"Then why shouldn't we go and see him, sir?"

He put the question fully believing that it would bring the whole ridiculous castle down with a crash, as it were, upon the table before him. Its effect, however, was entirely otherwise. The parson stood up immediately.

"My carriage is waiting," he said; "nothing could possibly suit me better."

Alban, however, remained seated.

"Mr. Geary," he exclaimed, "you have forgotten to tell me something."

"I can think of nothing."

"The conditions of this slap-up job—the high society and all the rest of it! What are the conditions?"

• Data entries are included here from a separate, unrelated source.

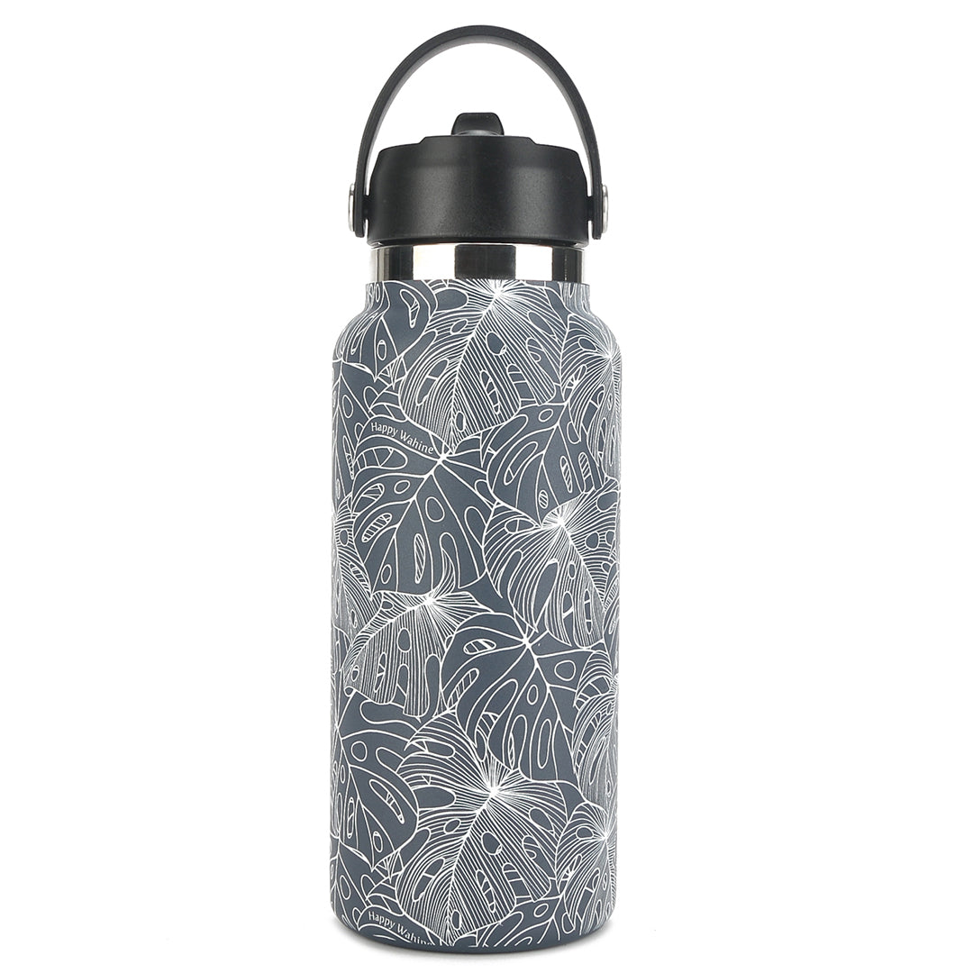 Insulated Water Bottle 32oz Monstera Lines Grey
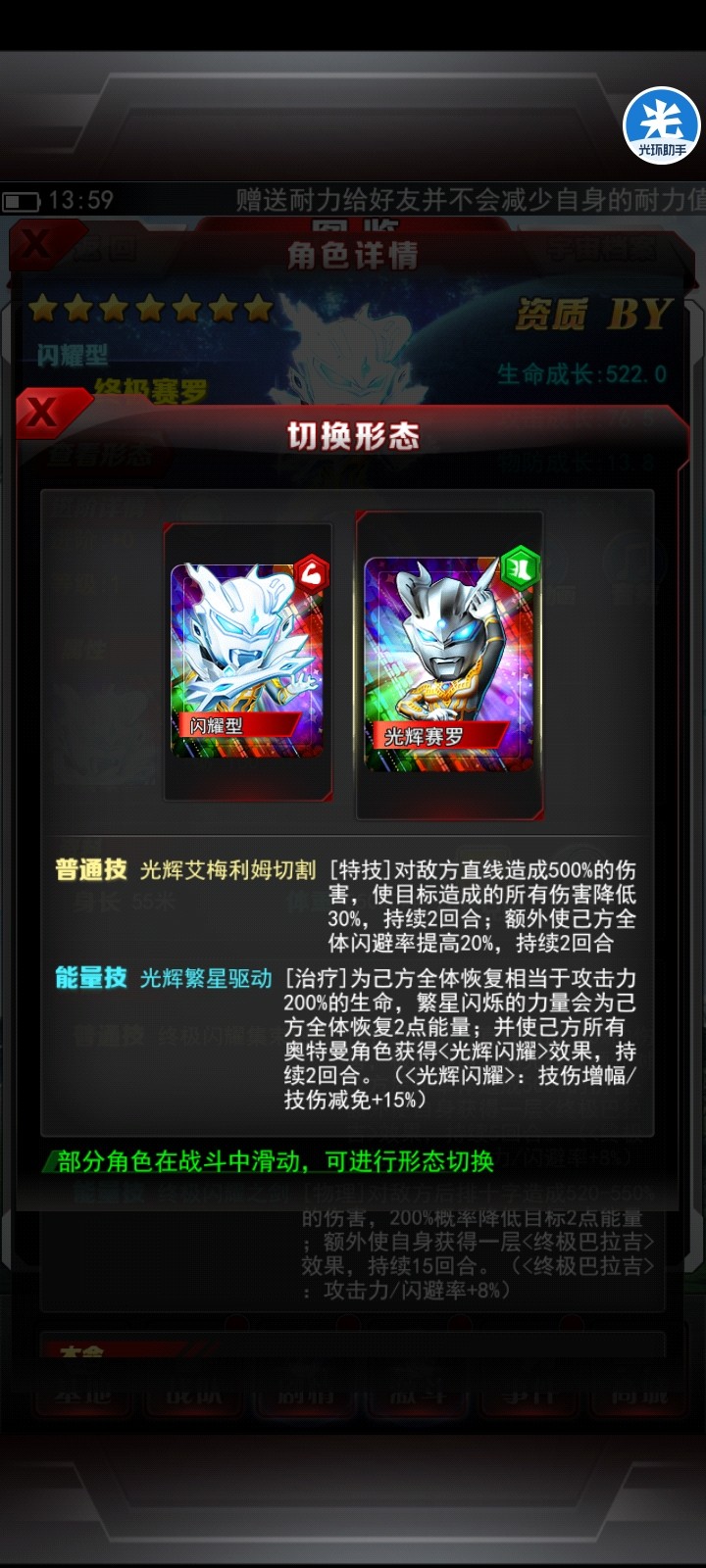 首先呢,光辉赛罗这只角色的能量技,技能效果很好,对乙方有治疗效果和非常强大的buff增益效果,很好的主推加血流。
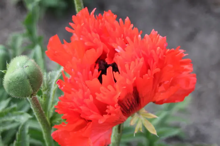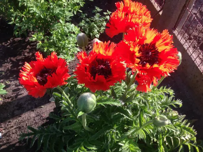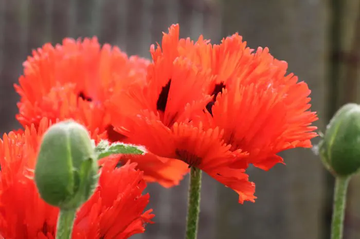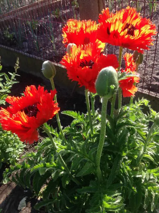 Blüten auf aufrechten, behaarten Stängeln mit großen, papierartigen, gefransten, leuchtend roten Blüten mit schwarzen Flecken in der Mitte.

He spoke almost with contempt, and deliberately selected a vulgar expression. It had come to him by this time that some unknown friend had become interested in his career and that this amiable curate desired to make either a schoolmaster or an organist of him. "Old Boriskoff knew I was going to get the sack and little Lois has been chattering," he argued—nor did this line of reasoning at all console him. Sidney Geary, meanwhile, felt as though some one had suddenly applied a slab of melting ice to those grammatical nerves which Cambridge had tended so carefully.

"My dear Mr. Kennedy—not 'slap-up,' I beg of you. If there are any conditions attached to the employment my patron has to offer you, is not he the best person to state them? Come and hear him for yourself. I assure you it will not be waste of time."